Please note that I am not assuming that $\phi$ is in $l^2$, otherwise the answer to both questions is trivially yes (take a sequence $\psi^{(N)}$ in $S$ converging to $\phi$ and use the continuity of the scalar product).
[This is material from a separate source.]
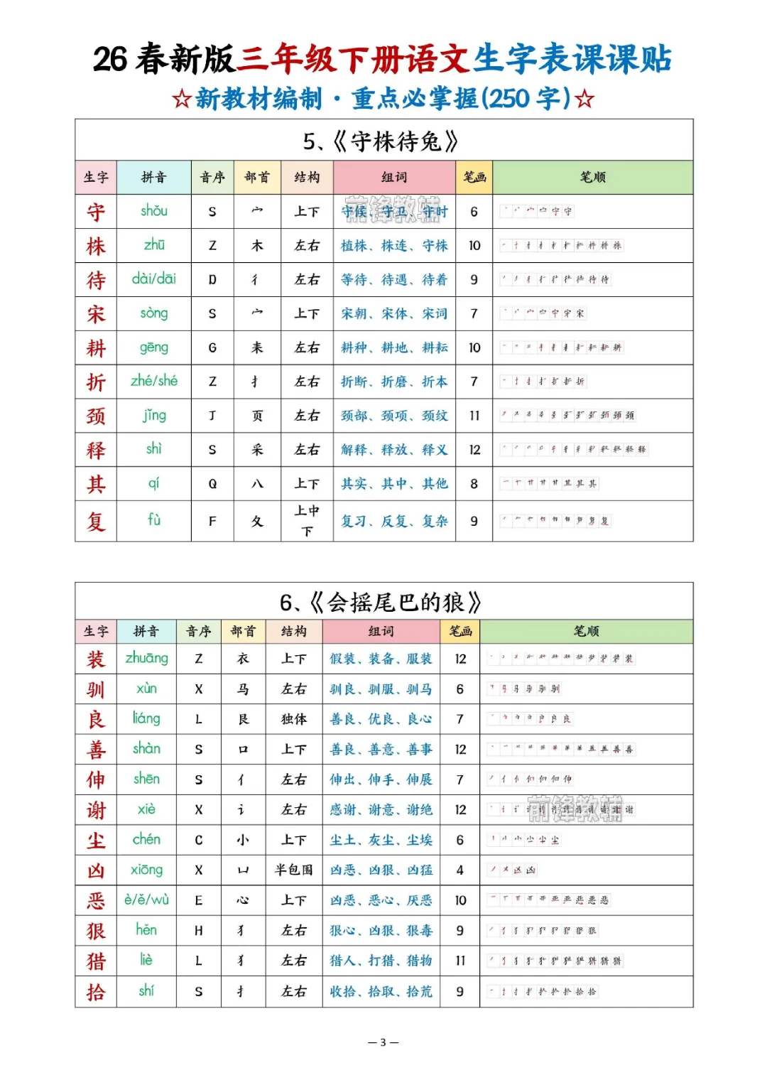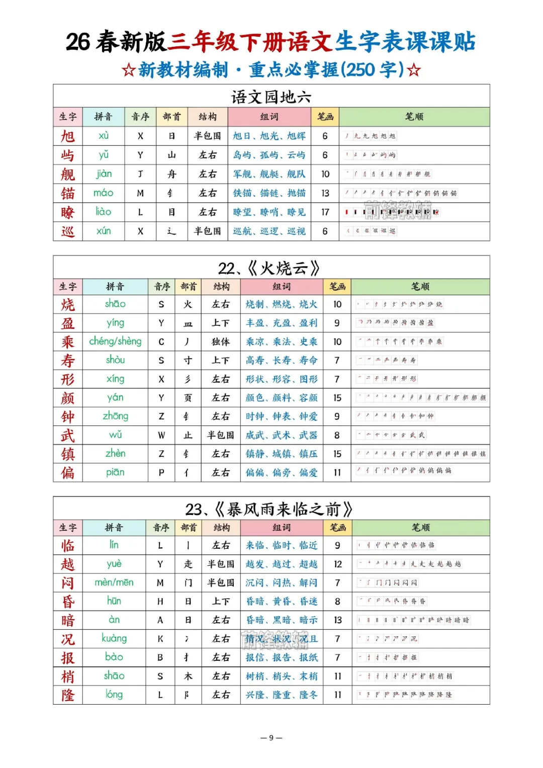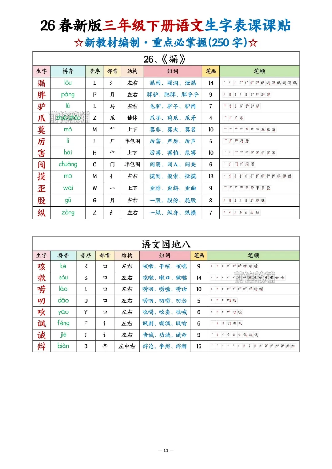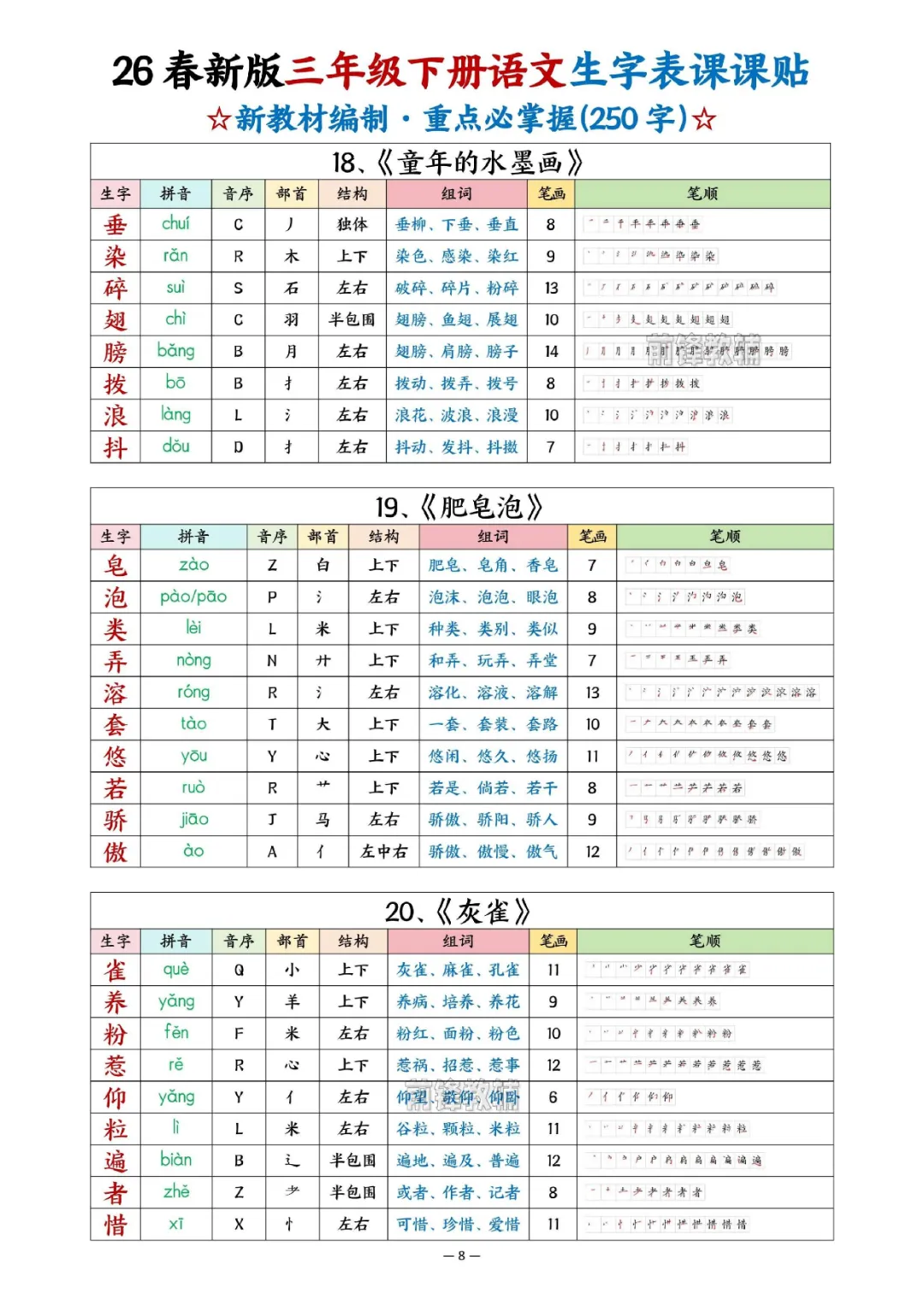 2026年三年级下册语文生字表课课贴|电子版可打印

PS The motivation for this question is the following. Set $D= \{ \phi \in l^2 : \sum_{j=0}^{\infty} j |\phi_j |^2 < \infty \}$ and consider the operator $X$ on $D$ which associates to each $\phi \in D$ the vector $X \phi$ whose j-th component (j=0,1,2,...) is
$(X \phi)_j = \sqrt{j+1} \psi_{j+1} + \sqrt{j} \psi_{j-1}$,
where we set $\psi_{-1}=0$. We have for every $\phi \in l^2 , \psi \in D$ \begin{equation} \sum_{j=0}^{\infty} \bar{\phi_j} [\sqrt{j+1} \psi_{j+1} + \sqrt{j} \psi_{j-1}] = \sum_{j=0}^{\infty} \psi_j \overline{ [\sqrt{j+1} \phi_{j+1} + \sqrt{j} \phi_{j-1}]}, \end{equation} where again we set $\phi_{-1}=0$. So in particular, $X$ is a symmetric operator. But it is not self-adjoint. To see this, consider the vector $\phi$ whose j-th component is $\phi_j = (-1)^{\lfloor j/2 \rfloor} j^{-\beta}$, where $1/2 < \beta <1$. Is is easy to see that $\phi \in l^2 \backslash D$, and that the vector whose j-th component is $\sqrt{j+1} \phi_{j+1} + \sqrt{j} \phi_{j-1}$ is in $l^2$, so $\phi$ belongs to the domain of the adjoint. I conjectured that the domain of the adjoint $X^{*}$ is exactly the set of all vectors $\phi \in l^2$ such that $ \sum_{j=0}^{\infty} |\sqrt{j+1} \phi_{j+1} + \sqrt{j} \phi_{j-1} |^2 < \infty$. This is the point where my question comes into play. If the answer to the question I posted were affirmative, then it would be easy, by using riesz theorem, to prove my conjecture.